# 2008 Toyota CrewMax Limited 4x4 aftermarket stereo help...



## iraqvetx7 (Apr 14, 2010)

I have a 2008 Toyota CrewMax Limited 4x4 with JBL/NAV and would like to change out the Subwoofer and speakers BUT keep the stock HU/NAV/Bluetooth/Steering wheel controls, you get the idea.

I am ordering a box with 12in sub(s)s from tech12volts.com with one (or two) SI BM MKiii's and a JL 900/5 amp (for a single sub) or JL HD750 and a JL HD600/4(for the dual sub configuration).

I still haven't decided on which component speakers to replace the factory one's. I like the Dynaudio 240 GT, CDT (tech12volts.com), JL Audio, Focal, etc. Any recommendations would be greatly appreciated. 

I need assistance on what devices (i.e Clean Sweep, etc.) are needed to tie everything together and make the stereo interface and features work like stock (NAV, Bluetooth, etc.), but perform/sound like after market. 

I would also like to put headrest DVD/monitors in with wireless headsets. Any recomendations on brand/type/style?

I know that there are several (dozen) threads talking about this topic, but I am finding it hard to navigate through all the information and responses and threads get side tracked or off-topic altogether. So, please do not think I am lazy or incabable of doing my own research or due diligence.
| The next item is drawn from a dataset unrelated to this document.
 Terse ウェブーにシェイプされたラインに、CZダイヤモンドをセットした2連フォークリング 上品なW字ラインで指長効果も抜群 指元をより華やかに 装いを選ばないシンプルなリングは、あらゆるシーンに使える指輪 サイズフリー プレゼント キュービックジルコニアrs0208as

Thank you ahead of time for your time and responses.


----------



## VP Electricity (Apr 11, 2009)

All the Toy JBL systems I have worked on have L + R preamp balanced from the HU to the JBL amp, and a data line. 
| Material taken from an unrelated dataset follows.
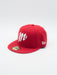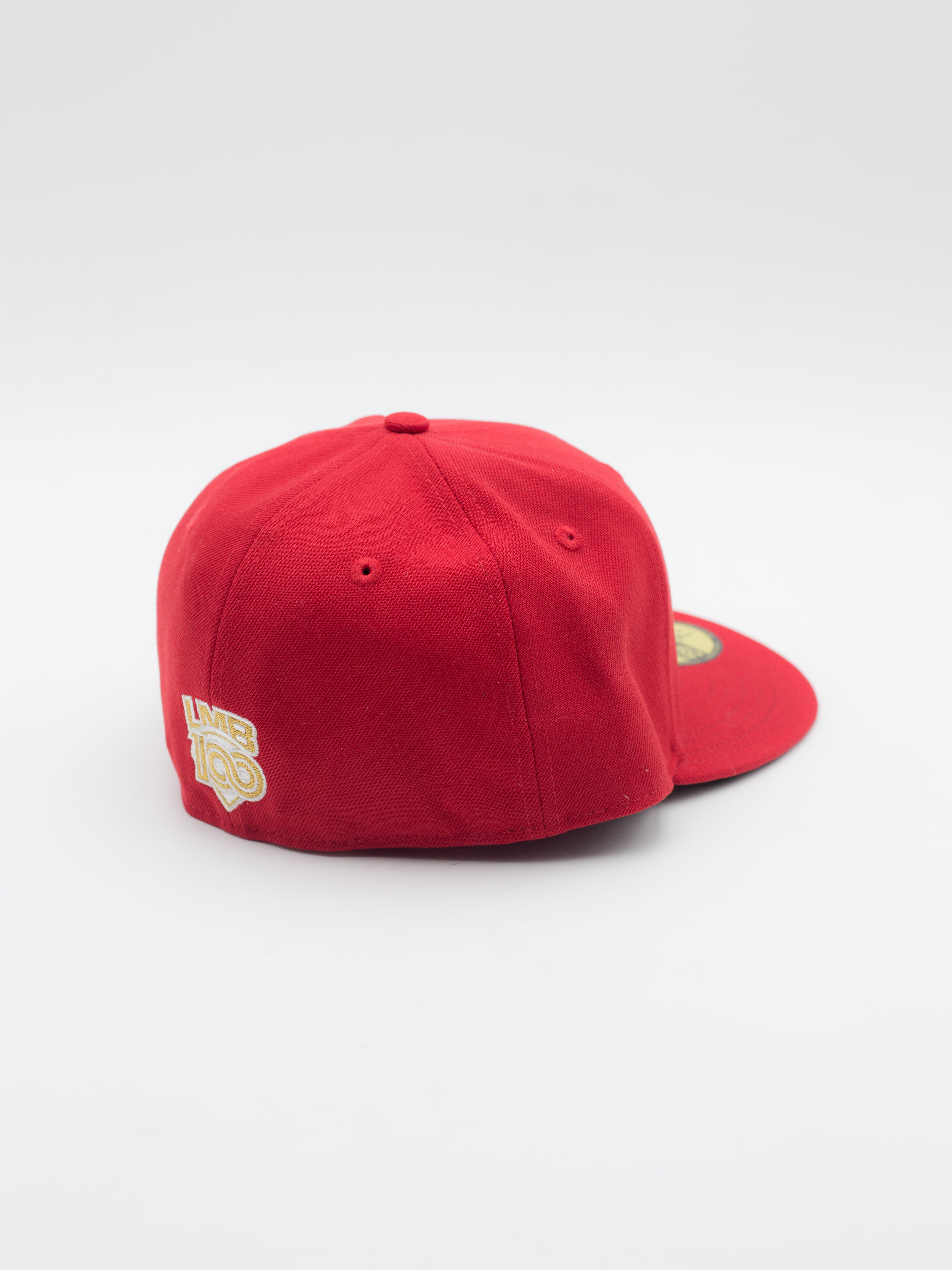 - Logotipo "Diablos Rojos del México" bordado en la parte delantera, logo "100 LMB" bordado en el trasero con hilo dorado y logo "NE" en el lateral

The data line controls the fader and preamp in the JBL amp. 

The signal from the HU to the JBL amp doesn't fluctuate with volume - the volume is controlled in the JBL amp. 

The preamp signal is flat and unprocessed - it's full-range, and if you have a volume control elsewhere, it works great. But the amp output is crossed over at a point that forces summing back together, and it's also wildly equalized. 
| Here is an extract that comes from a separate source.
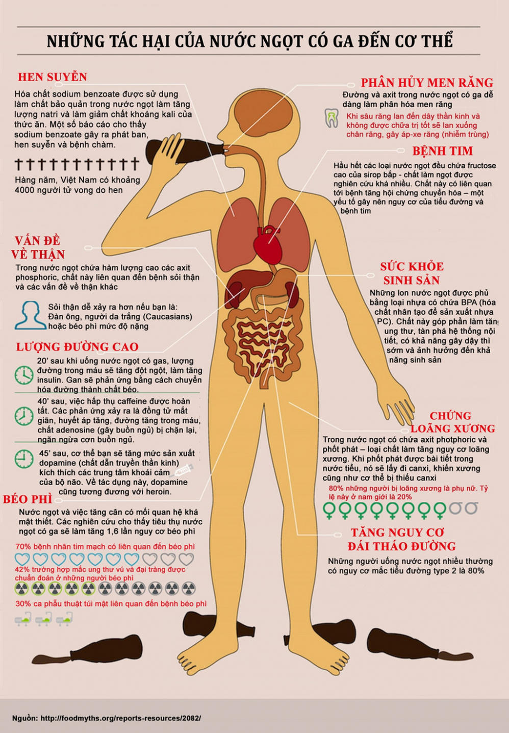 Đây là nguyên nhân gây ra nhiều bệnh. Đầu tiên là bệnh béo phì. Theo thống kê, tiêu thụ 1 lon nước ngọt có ga mỗi ngày có thể làm tăng 6.75kg cân nặng trong một năm.

If you have steering wheel controls and you use the preamp output, they stop controlling volume. If you don't have SW volume, then you basically just lose the volume knob. 

I've thought about using a Zapco SLB-U as a volume control in that car, going into a Zapco amp complement. As long as what's downstream takes balanced, you are golden. 

You could also use the DRC volume of a BitOne, it's a nice knob.

There are some interfaces on the market which are supposed to give you a variable volume signal for this exact install issue, but I've heard they sound poor. I know the GM version did. Aall I can find now is the PAC TATO, which is not what you need. 

If you want to retain sw control and keep the OEM amp, then you need an audison bitone, a RF 360.2, a Zapco DSP-6 with some SLDIN.BTL and some SLDIN.Y, or a CleanSweep with an SSI. 

Don't get a ReQ, it's not what you need. Check OEinterface.com for more info on this topic...


----------



## iraqvetx7 (Apr 14, 2010)

Thank you for an informative and technical reply! :thumbsup:

I will look into all aspects of your response and provide this info to my installer to make sure the functionality of the OEM HU is not diminished with the added components.


----------